Increased response to noxious stimuli following empathy has been reported in previous studies, which is consistent with the findings of the current study (11, 24). This increased response might be due to modulation of descending modulating systems or central changes leading to exaggerated response to noxious stimuli. Pain modulating system consists of the higher order CNS regions which lead to the modulation of noxious stimuli at the spinal level’s dorsal horn; and one of the most important modulators of this pathway is the Opioidergic system. One of the most recent findings in the field of empathy has demonstrated that following the administration of acetaminophen as a central acting analgesic, empathy for pain decreases, which might be due to the activation of this modulating system at the higher order level (e.g., ACC) (25). This clearly demonstrates that central mechanisms are activated in empathy-induced hyperalgesia. Further studies are needed to evaluate the role of different neurotransmitters in this phenomenon.

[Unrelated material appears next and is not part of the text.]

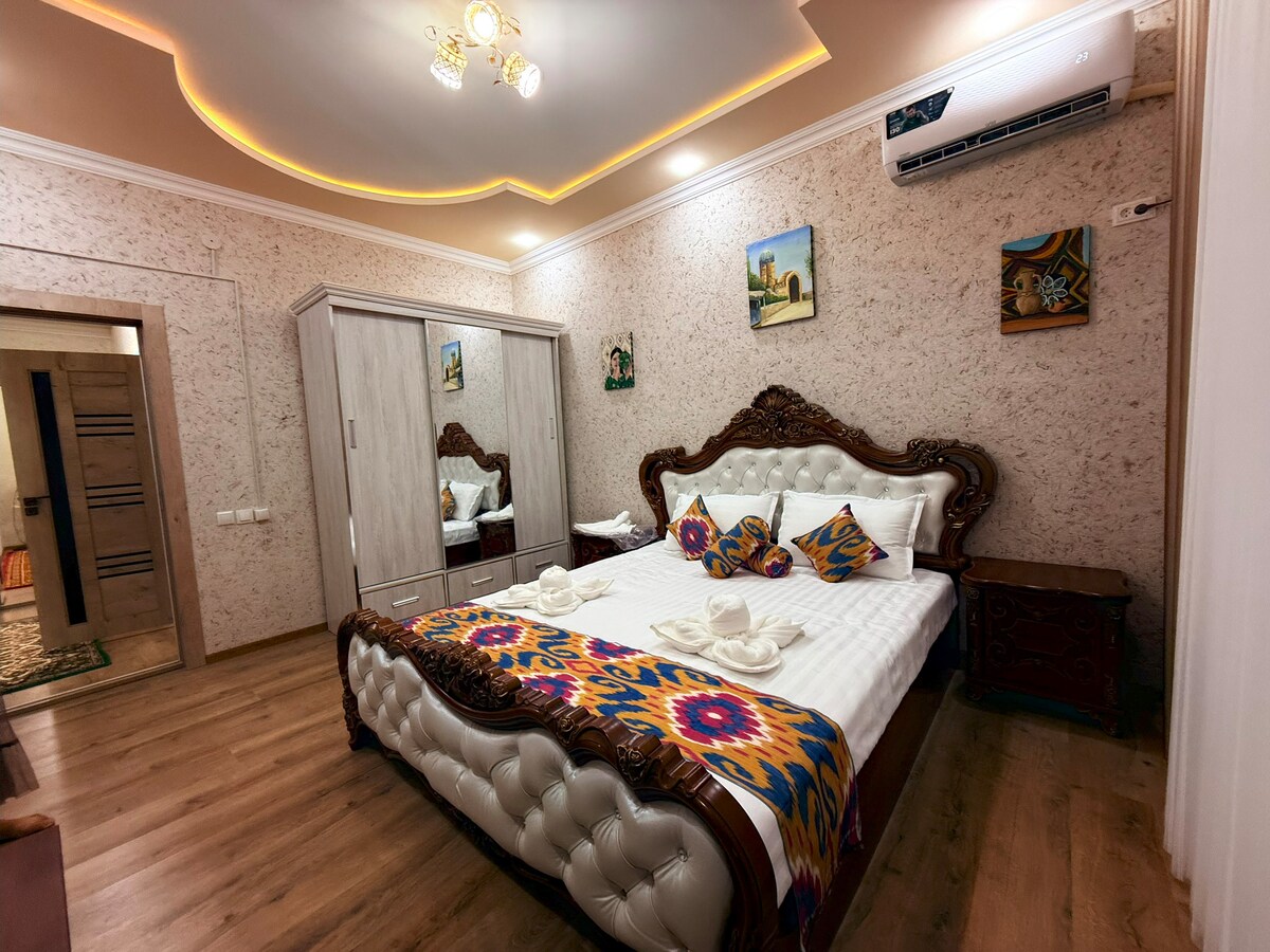 Stay in this spacious and cozy home just minutes from Bukhara’s historic center. With air-conditioned bedrooms, a bright living room, full kitchen, wide hallway, and separate bath and toilet, it’s perfect for families and friends. Free parking, fast Wi-Fi, and easy self check-in/out are available. Accommodates up to 6 guests (5 beds + sofa bed). Only a 10-minute walk to the Old Town, close to the city’s largest mall, cafés, bazaars, and supermarkets.

The most important finding of the current study was that the affective component of pain is increased following the observation of pain in a cage mate. Johansen et al have demonstrated that ACC lesions lead to impaired affective pain response (18). The role of ACC in emotional regulation, executive function, and pain perception has already been demonstrated (26). Furthermore, Singer et al (2004) have demonstrated that ACC is one of the most distinct brain regions activated following observation of pain in another human (7). Now the question is whether or not ACC functional changes are directly involved in affective pain alterations following empathy.

Limitation

This study had some limitations. Evaluating the role of different neurotransmitters and the neurobiological basis of empathy-induced changes should be conducted in further studies. Using CPA to evaluate affective dimension of pain has been done in previous studies, but the fact that affective dimension of pain in humans is much more complicated leads to the conclusion that these kinds of studies should also be conducted on human subjects as well.

Conclusion

This study demonstrated that affective dimension of pain is altered following the observation of pain in a conspecific, which implies that in addition to sensory changes following empathy for pain, more elaborate cognitive functions are also affected by empathy. These findings provide a strong background for evaluating the role of brain regions corresponding to affective dimensions of pain, including prefrontal cortex, and ACC.